New Apr-26 beta now available

 From:  Michael Gibson
568.43 In reply to 568.42 
> I'm still a little confused, though..it seems that it forces you to do an invert
> hide before you can get out of the command, which isn't typical of a hide button

The invert is just temporary - it lets you specify what objects you want to show.

So for instance if you have a large quantity of objects hidden but only want to show 2 of them, the old way was pretty painful, you had to show everything and then re-hide the other objects again.

So the new way does a temporary invert that shows you which objects were hidden, and if you pick some of those and push "done" (or right-click or enter), just those that you selected will be shown. But if you want to show them all, push "done" without selecting anything and all hidden objects will be shown.

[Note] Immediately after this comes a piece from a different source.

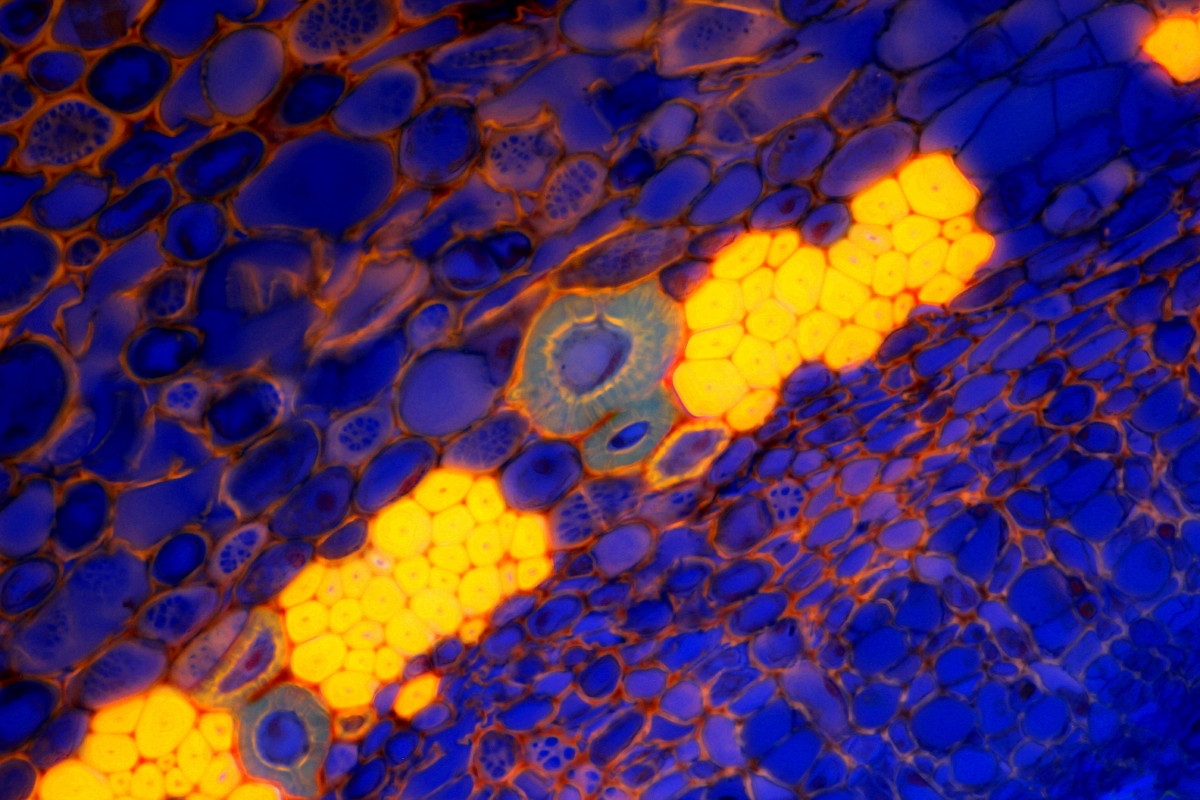 noch ein Versuch das zu zeigen, worauf es mir eigentlich ankam, das UV-Fluoreszenzbild mit Sklerenchym und Steinzellen:

I realize that this adds some complexity to the hide command, and I was hesitant at first to make this change. However I decided it would be best in the long term to do it, because it ends up being just one additional click to get the old behavior of showing everything, and it provides pretty significant flexibility for more complex cases where there are more numerous hidden objects.

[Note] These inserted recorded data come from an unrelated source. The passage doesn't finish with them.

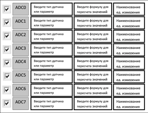 галочки - это авто обновление, т.е. если установлена галочка, то происходит периодическое обновление значений, если галочка не установлена, то для обновления нужно щелкнуть по кнопки "ADC#"
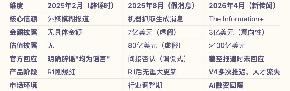 DeepSeek融资传闻并非首次出现,最早可追溯至2025年2月,当时的消息是“阿里巴巴等科技巨头被传表达投资兴趣”,DeepSeek明确回应“融资消息均为谣言”。
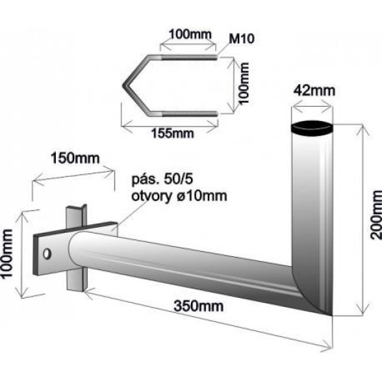 Držiak antény na stožár s vinklom, dĺžka 35cm

Let me know if it still seems weird after you have used it a little bit more. If it does then I will make an option so that you can revert it back to the "just always show everything" behavior.


> and then you double click in the viewport, you get the close dialog box, to save
> changes, discard changes or cancel. Is it normal?

It's normal - MoI doesn't really use double-clicks very much, what you did there was interpreted as 2 clicks.

The first right-click was the same as pushing "done" - this caused the hide command to exit and show all objects.

Then the second right-click happened while outside of a command - this is used to repeat the last command which in your case was "open". Part of the open command is to prompt for saving if any changes have been made...


If you want to show everything, just do a single right-click, not a double one.